Instructor: James Cai (jcai@tamu.edu)

Lecture & computer lab: Tues & Thurs 10 AM - 12 PM, VIDI (bldg #1813) Rm 104 & 115

### Course Description

*The aim of the course is to provide a practical introduction to the analysis of single-cell data using machine learning. Topics will range from data visualization/exploration to advanced machine learning methods. Practical examples and applications will be illustrated by using Matlab, R and Julia. *

Principles and concepts in single-cell RNA sequencing (scRNAseq) experiments; real-world applications of scRNAseq with examples; machine learning (ML) methods for single-cell data analysis; practical and effective ML methods and concepts; applications of ML methods in high-dimensional scRNAseq data; algorithm design and development of scientific software using high-level high-performance scientific computer languages; emerging techniques for integrative single-cell data analysis, and the assumptions, advantages, and limitations of these techniques.

### Course Milestones

**1. Introduction to single-cell technologies (10x Genomics and C1)**; INTRODUCTION: mathematical prerequisites and programming languages MATLAB/R/JULIA, data exploration and visualization (1/14)

**2. Getting expression counts (UMIs) for individual cells (10X cell-ranger and salmon-alevin pipeline)**; VECTORS & MATRICES: linear algebra, norm, distances, eigenvalue and eigenvector (1/21)

**3. Basic statistics of scRNAseq data and QC**; DISTANCE & SIMILARITY (1/28)

**4. scRNAseq data modeling and normalization**; PROBABILITY & DISTRIBUTIONS (2/4)

**5. Dimension reduction and visualization**; DIMENSION REDUCTION: PCA, tSNE, UMAP, PHATE (2/11)

**6. Clustering analysis of high-dimensional scRNAseq data**; CLUSTERING: k-means, DBSCAN, spectral clustering (2/18)

**7. Marker genes and cell type identification**; CLASSIFICATION: classifiers, LDA, random forest, k-NN, neural network (2/25)

**8. Feature selection, identification of highly variable genes**; KERNELS: kernel methods, support vector machine (3/3)

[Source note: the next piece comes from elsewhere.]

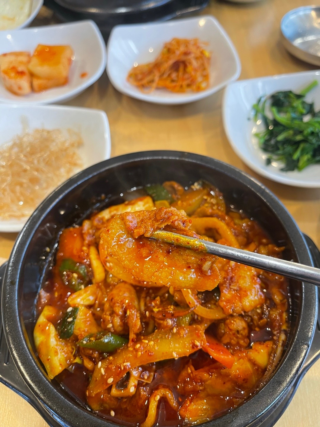 고기랑 오징어도 많이 들어 있고 매콤한 게 맛있더라고요

=== Spring Break (3/9-3/13) (3/16-3/20) ===

**9. Differential expression analyses with scRNA-seq data**; REGRESSION & REGULARIZATION (3/24)

**10. scRNAseq vs bulk RNAseq**; COMPONENT & DECOMPOSITION: SVD, ICA, NMF (3/31)

**11. Pseudotime and trajectory analyses**; OPTIMIZATION: gradient descent, quadratic programming, evolutionary algorithm (4/7)

**12. Manifold alignment for combining different types of data, e.g., scRNAseq and scATACseq**; TENSOR FACTORIZATION & MANIFOLD LEARNING (4/14)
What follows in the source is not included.